■ **Records drawn from a dataset**
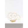 Navette en porcelaine du service du chateau d'Eu à décor polychrome au centre d'une rosace en or, l'extérieur decoré d'attributs façon camée dans des cartouches à fond brun sur fond vert orné de rinceaux feuillagés en or.
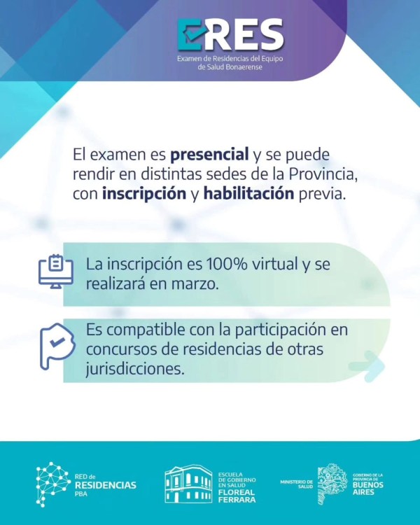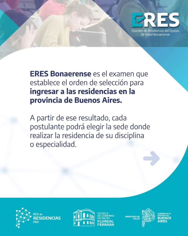 El Ministerio de Salud de la Provincia de Buenos Aires puso en marcha el proceso para el Examen de Residencias del Equipo de Salud (ERES) Bonaerense 2026, una política sanitaria diseñada para la formación integral de profesionales bajo un modelo de atención con perspectiva de derechos.
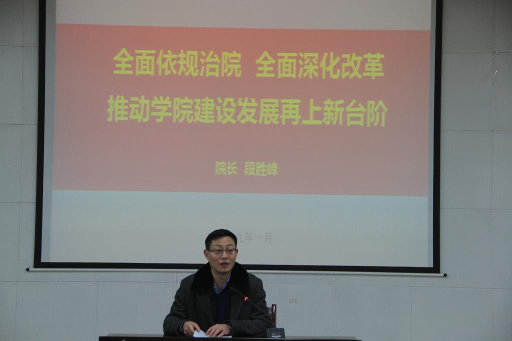 院长段胜峰同志作题为《全面依规治院 全面深化改革 推动学院建设发展再上新台阶》的行政工作报告,从本科教学、科研、研究生、学工、综合治理五个方面总结了学院2018年的工作,通报了2018年度学院财务情况,并就2019年的重点工作进行了安排。
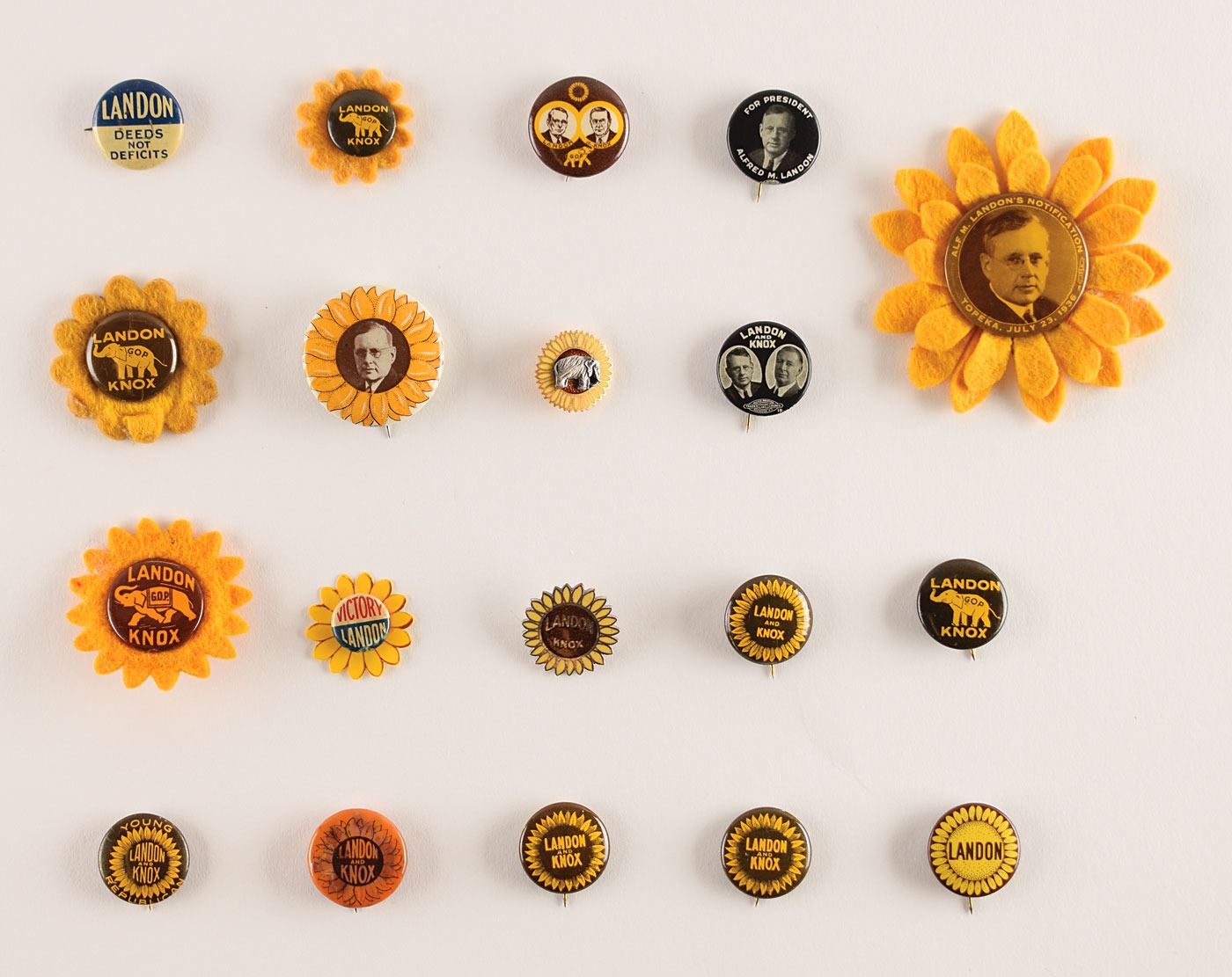 Collection of 19 pins associated with Alf Landon and his 1936 presidential campaign, most invoking a sunflower motif as he was governor of Kansas, the 'Sunflower State'; four retain their original cloth sunflower backers. Includes: two jugate portraits of Landon and vice presidential running mate Frank Knox; three portraits of Landon alone; and several variants of the GOP elephant and/or their names, encircled by sunflowers. In overall fine condition. The incumbent FDR handily defeated Landon in the election, taking 46 states (including Kansas) to Landon's two.
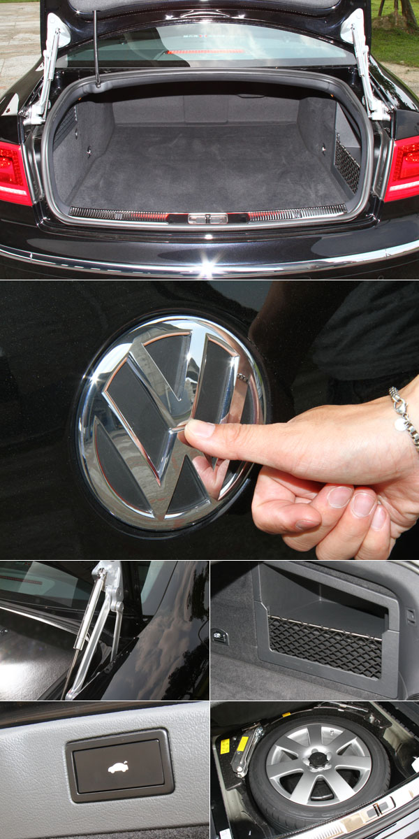 後廂置物容積十分寬敞且方正,開啟方式只需按下車廂上的廠徽即可,採電動開啟/關閉設計;車廂下備胎為全尺碼規格。

■ **Problem to work on**
Skipping any images, write out all the data exactly.

■ **Solution**
 Navette en porcelaine du service du chateau d'Eu à décor polychrome au centre d'une rosace en or, l'extérieur decoré d'attributs façon camée dans des cartouches à fond brun sur fond vert orné de rinceaux feuillagés en or.
 El Ministerio de Salud de la Provincia de Buenos Aires puso en marcha el proceso para el Examen de Residencias del Equipo de Salud (ERES) Bonaerense 2026, una política sanitaria diseñada para la formación integral de profesionales bajo un modelo de atención con perspectiva de derechos.
 院长段胜峰同志作题为《全面依规治院 全面深化改革 推动学院建设发展再上新台阶》的行政工作报告,从本科教学、科研、研究生、学工、综合治理五个方面总结了学院2018年的工作,通报了2018年度学院财务情况,并就2019年的重点工作进行了安排。
 Collection of 19 pins associated with Alf Landon and his 1936 presidential campaign, most invoking a sunflower motif as he was governor of Kansas, the 'Sunflower State'; four retain their original cloth sunflower backers. Includes: two jugate portraits of Landon and vice presidential running mate Frank Knox; three portraits of Landon alone; and several variants of the GOP elephant and/or their names, encircled by sunflowers. In overall fine condition. The incumbent FDR handily defeated Landon in the election, taking 46 states (including Kansas) to Landon's two.
 後廂置物容積十分寬敞且方正,開啟方式只需按下車廂上的廠徽即可,採電動開啟/關閉設計;車廂下備胎為全尺碼規格。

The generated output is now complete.